- Sapphiretown
- Coordinates: 35°47′28″S 137°46′59″E﻿ / ﻿35.79118694°S 137.78309723°E
- Country: Australia
- State: South Australia
- Region: Fleurieu and Kangaroo Island
- LGA: Kangaroo Island Council;
- Location: 121 km (75 mi) south of Adelaide; 16 km (9.9 mi) southwest of Penneshaw;
- Established: 1878

Government
- • State electorate: Mawson;
- • Federal division: Mayo;

Population
- • Total: 21 (SAL 2021)
- Time zone: UTC+9:30 (ACST)
- • Summer (DST): UTC+10:30 (ACST)
- Postcode: 5222
- County: Carnarvon
- Mean max temp: 19.1 °C (66.4 °F)
- Mean min temp: 11.6 °C (52.9 °F)
- Annual rainfall: 488.9 mm (19.25 in)
Localities around Sapphiretown
| Nepean Bay | Nepean Bay | Nepean Bay |
| Nepean Bay | Sapphiretown | Island Beach |
| Pelican Lagoon | Pelican Lagoon | Island Beach |

= Sapphiretown, South Australia =

Sapphiretown is a locality in the Australian state of South Australia located on the north coast of Dudley Peninsula on Kangaroo Island overlooking Eastern Cove about 121 km south of the state capital of Adelaide and about 16 km south-west of Penneshaw.

The locality was originally declared as a government town in January 1878 by Sir William Jervois, the tenth governor of South Australia for a site surveyed in March 1877. The locality's boundaries which were created in March 2002 include the former government town of Sapphiretown.

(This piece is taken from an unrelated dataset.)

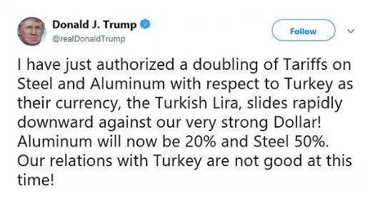 特朗普的推文,是土耳其里拉再次暴跌的直接导火索。

The name is derived from HMS Sapphire, a sloop, which conveyed Jervois to South Australia in October 1877 to take up his appointment as Governor of South Australia.

As of 2014, Sapphiretown consisted of land at the western end of Dudley Peninsula and which concludes as a spit known as Strawbridge Point at its north-western extremity and which is bounded to the north by Eastern Cove in Nepean Bay and by the body of water known as American River to the west. The locality is zoned for residential use exclusively for “detached dwellings” and “tourist accommodation.”

Sapphiretown is located within the federal division of Mayo, the state electoral district of Mawson and the local government area of the Kangaroo Island Council.